Following the opera, I taxied to my hotel to drop my bags, and then accompanied (rather, was accompanied by) two of the professors from S@S, a Chinese-American musicologist and a specialist in Asian art. Jing Jing took us to a first-rate Chinese restaurant for lunch (we passed on the [no kidding] "Chicken testicles with bean curd") then we went over to the National Palace Museum, the largest collection of Chinese art in the world. The museum's contents came out of the Forbidden City (Bejing) in the early 1930s for safekeeping (fleeing the Japanese), and were consequently kept there after the Communists got hold of China. The collection is so large --14,000 crates traveled 5,000 miles, arriving in Taiwan in 1948-- that it could be rotated every six months for 30 years without ever repeating an object.

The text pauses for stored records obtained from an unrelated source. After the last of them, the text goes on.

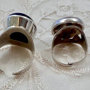 2 Rings Israel 925 Sterling Silver Lapis Lazuli Bezel Set Stones Adjustable Band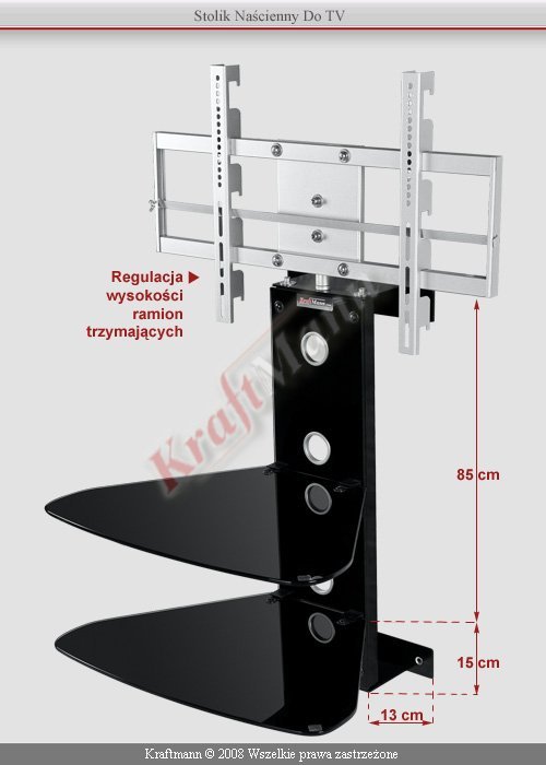 Stolik Ścienny ( Uchwyt + 2xPółka AV ) Do TV max 60" max 50 KG PDP-4260B-3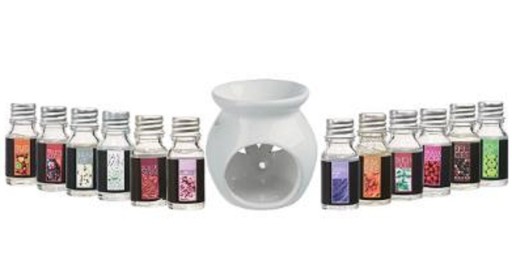 Zestaw zapachowy kominek + olejki zapachowe 12 szt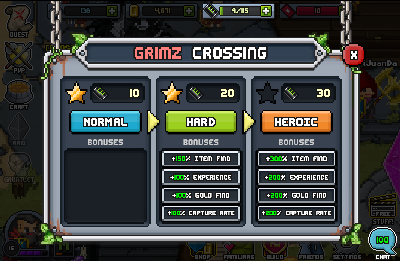With two level 20+ characters on your team, you can easily grind through the first zone to power level. Once you get your level up, the best way to grind is to do heroic runs. You’ll get more of everything in terms of bonuses, and it’s the best way to get those familiars to notice you.

Nancy's explanations and Jing Jing's native perspective enriched the visit enormously. From there, off to buy some Chinese silks (again, thanks only to Jing Jing's command of the language) and home through the hustle and bustle of modern Taipei to the hotel for a shower.

The students will stay in Taiwan for another two days, then head for Singapore. They were an able mix of students from smaller colleges (Reed, Rowan, Rollins) and major research universities (Hopkins, Yale, La Jolla, UCLA, USC, Colorado, Michigan, Miami, Florida, Duke, Penn State, Oregon, Columbia). Most of them were serious students, eager to combine the academic classroom work with the special "in field" experience that Semester at Sea provides; a few were typical college jerks set on "hanging out" and "having a good time" exclusively. We will eventually weed those types out in order to insure the academic integrity of this program.

Dinner at the Shanghai Café at the hotel included a tasting menu of extraordinary items, many of them unidentifiable or put together in unfamiliar combinations; one was a delicious shark fin soup with enoki and oyster mushrooms with rice noodles.

Looooooooooong trip home (27 hours total), but the whole experience was worth it. I'm very much looking forward to "my" voyage next summer, up and down the Pacific Coast of Central and South America, from Mexico to Chile.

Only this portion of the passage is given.